Our group is a student organization called Notre Dame Students Empowering through Engineering Development (NDSEED) that works with the NGO Bridges to Prosperity (B2P) to provide isolated communities with safe access to essential health care, education, and economic opportunities by building footbridges over impassable rivers. Since 2009, our student group has built 8 suspended footbridges in collaboration with B2P.

This year, our traveling members include five civil engineering majors, one chemical engineering major, one mechanical engineering major, and one business major; two of our team members are native Spanish speakers (including myself). When we set out on this assessment trip to prepare for the summer bridge build, our knowledge on Nicaragua and the community we were going to work with was extremely limited. Nevertheless, we were ready and excited for the challenge.

NDSEED team takes selfie on 2014 bridge in Mata de Tule after inspection.
NDSEED team takes selfie on 2014 bridge in Mata de Tule after inspection.

On Tuesday, our first day in Managua, I went with several team members to the house of Carlos Sacasa, a Notre Dame alumnus, who graciously stores our construction materials. After inspecting our inventory, we prepared for dinner with Notre Dame alumni living in Nicaragua. Two incredible alumni attended the dinner, David Levy and Christianne Wheelock, who shared about themselves and their rich Nicaraguan history. Not only has Nicaragua struggled with political tyrants, it has also been challenged by the forces of nature. We learned that in 1972, the country was struck by an earthquake of magnitude 6.2, followed by two aftershocks that killed thousands and destroyed the capital of Managua. Despite Nicaragua’s difficult history, these two alumni refuse to give up on their home country and are determined to see it thrive.

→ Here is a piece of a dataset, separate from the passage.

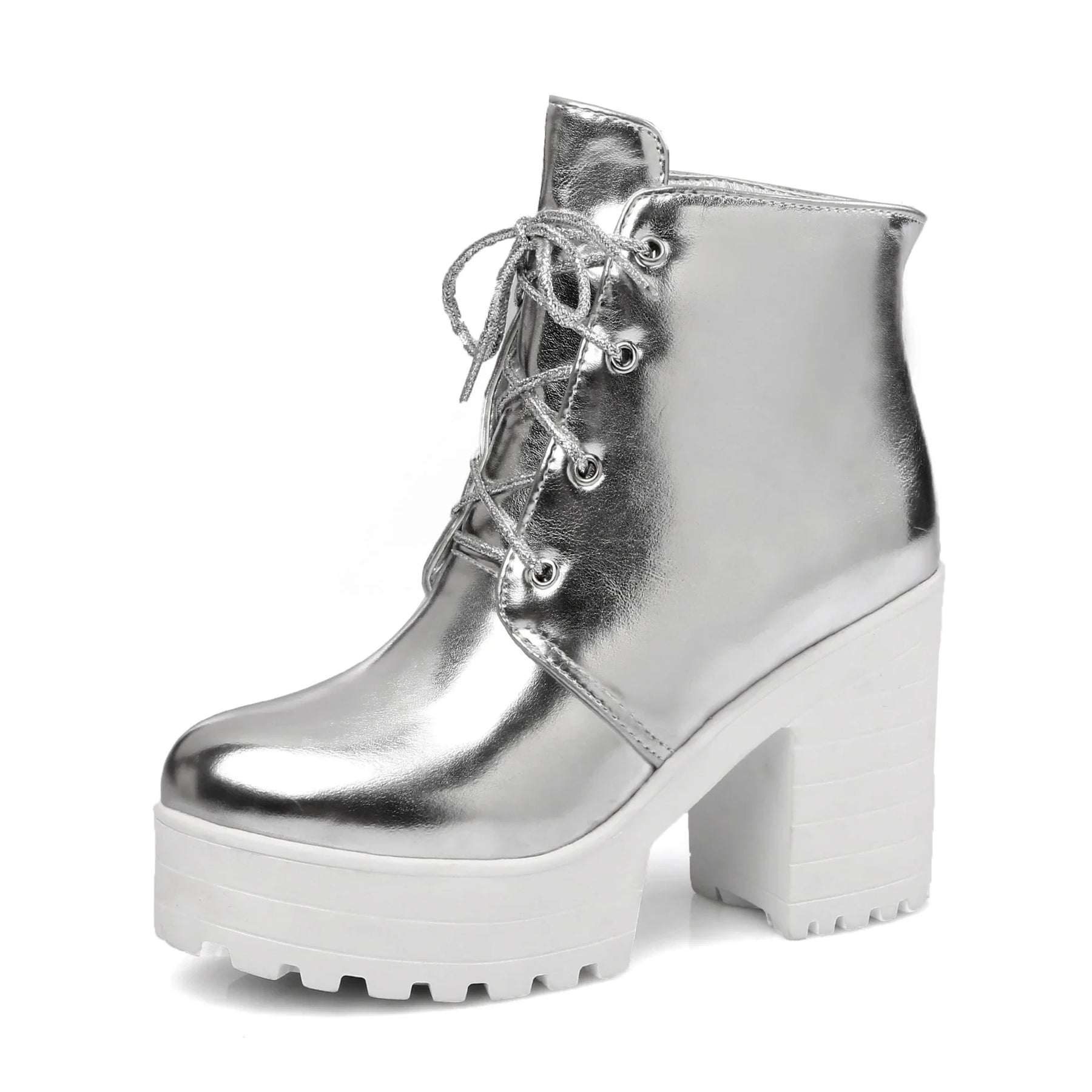 Constructed with a cushioned orthopedic insole and a stabilizing block platform, this pair delivers confident lift with controlled comfort. The metallic finish and lace-up front create a bold visual edge, while the structured base supports steady movement from street wear to night plans.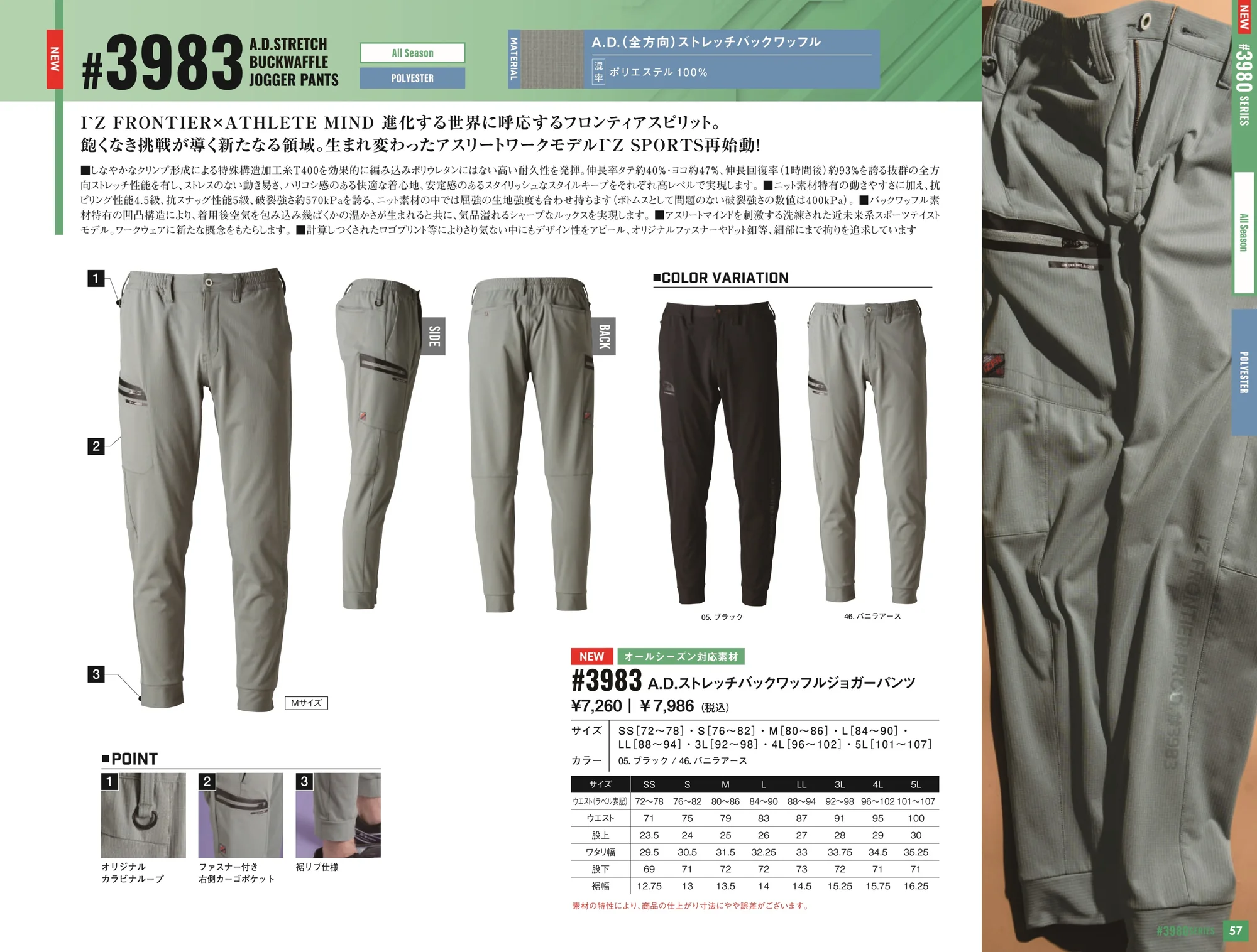 I’Z FRONTIER #3983 A.D.ストレッチバックワッフルジョガーパンツ

The following day, we traveled to Mata de Tule, a rural community two hours from Managua, to inspect two bridges built by the 2013 and 2014 NDSEED teams. We were happy to discover that both bridges are still in great conditions and safe to use. It was powerful to see the lasting impact of NDSEED’s work on the communities and we enjoyed reminiscing with community members about the past teams. After a hard day of work, we recovered our strength for the following days.

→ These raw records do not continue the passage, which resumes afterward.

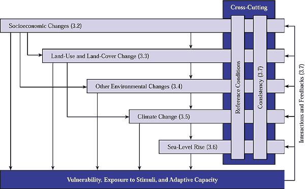 Types of scenarios required in climate impact, adaptation, and vulnerability assessment and their interactions. Numbers in parentheses refer to sections of this chapter.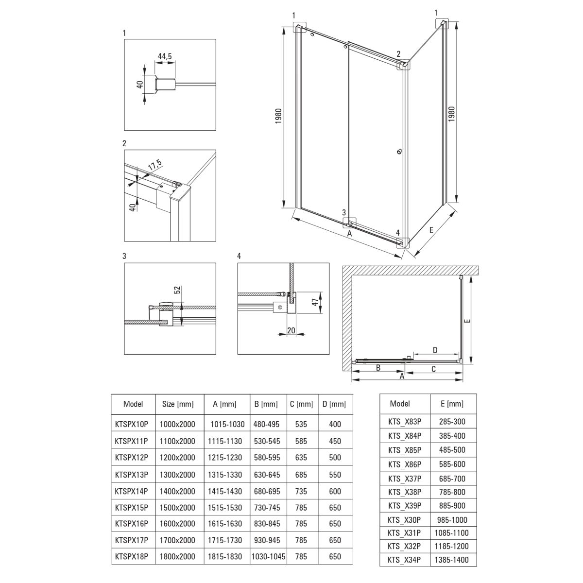 - Möglichkeit, die obere Führungsschiene und die Schwellenleiste zu kürzen, um die Abmessungen zu verringern: Ja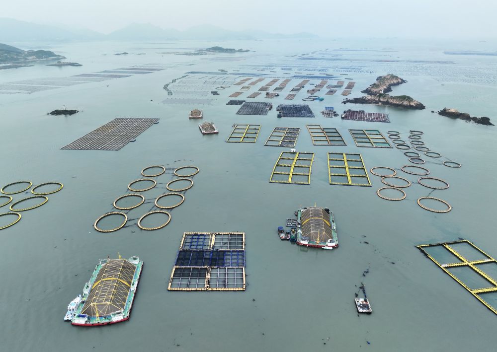 在福建連江定海灣海域,坐落著“定海灣1號”“定海灣2號”等深遠海養殖平臺(2024年5月7日攝,無人機照片)。新華社記者 林善傳 攝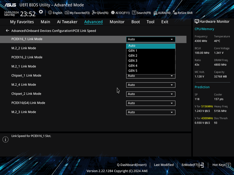 Надо особо отметить, что в случае установки видеокарты в PCIe x16_2 при пустом PCIe x16_1, оба они все равно получают по 8 линий. Мы помним, что все эти линии PCIe версии 5.0.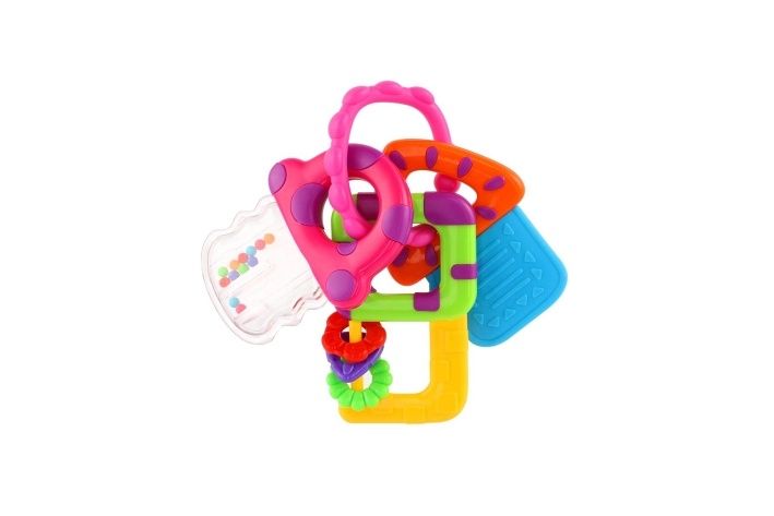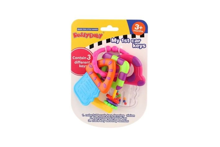 Tato sada předstíraných klíčů zahrnuje kousací hryzátko na klíče, dva klíče jako chrastítka. Pohodlné spojení vám umožní připojit hračky ke kočárku nebo tašce, když vyrazíte se svým oblíbeným společníkem na cesty.
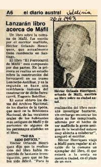 Lanzarán libro acerca de Máfil [artículo]. El Diario Austral (Valdivia). -- mar. 26, 1993, p. A6 retr. .

On Thursday, we met with the American University of Managua (UAM) to talk about their research collaboration with our NDSEED team and the possibility of establishing an academic relationship with Notre Dame. After a productive meeting, we headed out to Sébaco, the closest city to our project in the summer. We gathered information from police stations, pharmacies, markets, and doctors to prepare ourselves for our 8 week immersion. The next morning, we met with Alex McNeill, the Nicaragua Program Manager for B2P. He led us to our community, Las Pencas, located an hour away from Sébaco, and three hours from Managua. The community members were overjoyed to see such a large group of volunteers, and are excited at the prospect of building a safe passageway across the Rio Viejo Santa Barbara.
The site was stunning. We were in a beautiful, isolated valley, where there was no electricity, no running water, and no phone signal. I was surprised to learn there had been numerous casualties due to the river flooding during the rainy season. We quickly realized this project was no joke. The anticipated footbridge will span a gorge 35 meters in depth and 130 meters across.

While some of my teammates helped Alex gather the topographical data by performing a standard site survey, other teammates spoke with community members. We informed them that we will be coming back during the summer for two months to work together to make this bridge a reality.

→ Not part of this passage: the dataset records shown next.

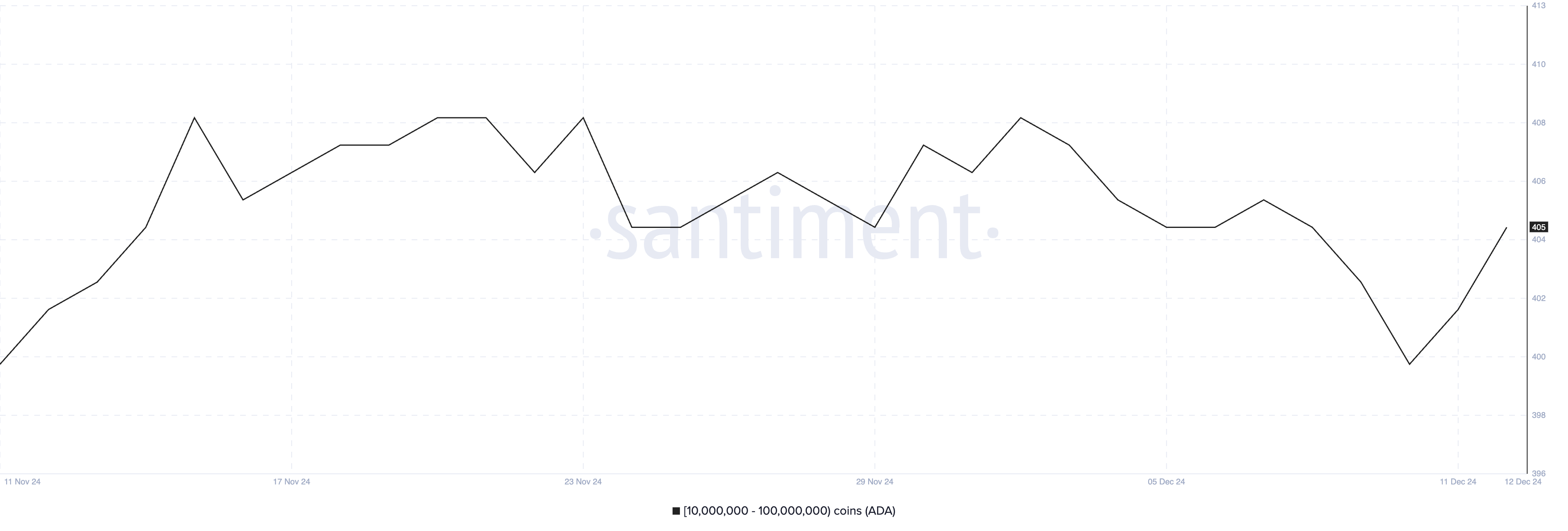 بين 7 ديسمبر و10 ديسمبر، انخفض عدد المحافظ التي تحتوي على ما بين 10 مليون و100 مليون ADA بشكل حاد من 406 إلى 400، مسجلًا أدنى مستوى منذ 11 نوفمبر.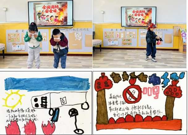 活动首日,消防知识小课堂趣味开讲。老师通过动画、绘本、实物教具,生动讲解火灾危害、消防器材名称及报警电话等基础常识,孩子们踊跃举手互动,将安全知识牢记心间。次日,消防区小游戏热闹上线,“模拟灭火”“寻找安全出口”等沉浸式体验,让幼儿在玩乐中熟悉消防场景,提升应变能力。第三天的消防故事分享会温情满满,老师讲述消防员逆行救援的英勇事迹,孩子们被消防员的责任与担当深深打动,纷纷表达对“最美逆行者”的敬佩。第四、五日聚焦实践演练与成果展示,逃生技能小演练中,孩子们在老师引导下,用湿毛巾捂住口鼻,弯腰低姿快速有序疏散,熟练掌握正确逃生方法。成果展示环节,孩子们精心绘制的消防绘画、亲手制作的疏散路线图布满展厅,每一幅作品都凝聚着对消防安全的理解与重视。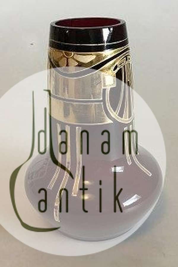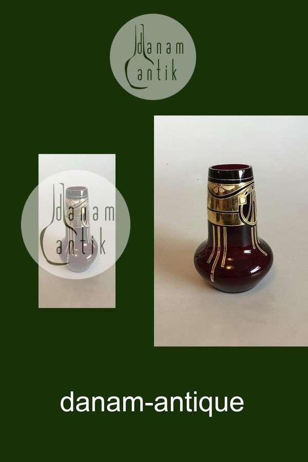 Bordeauxrød vase med gulddekoration. No 324/150. Måler 13,5 cm

After being in Nicaragua for a week, I learned so much about myself and the people who surrounded me. I learned that amazing things can happen when a group of determined people get together. I also realized that this upcoming trip will be one of the most challenging yet rewarding projects of my life. Despite the sacrifices that await me, I wouldn’t have it any other way because the best way we can find ourselves and change the world is by “being the change we want to see in the world” (Mahatma Gandhi).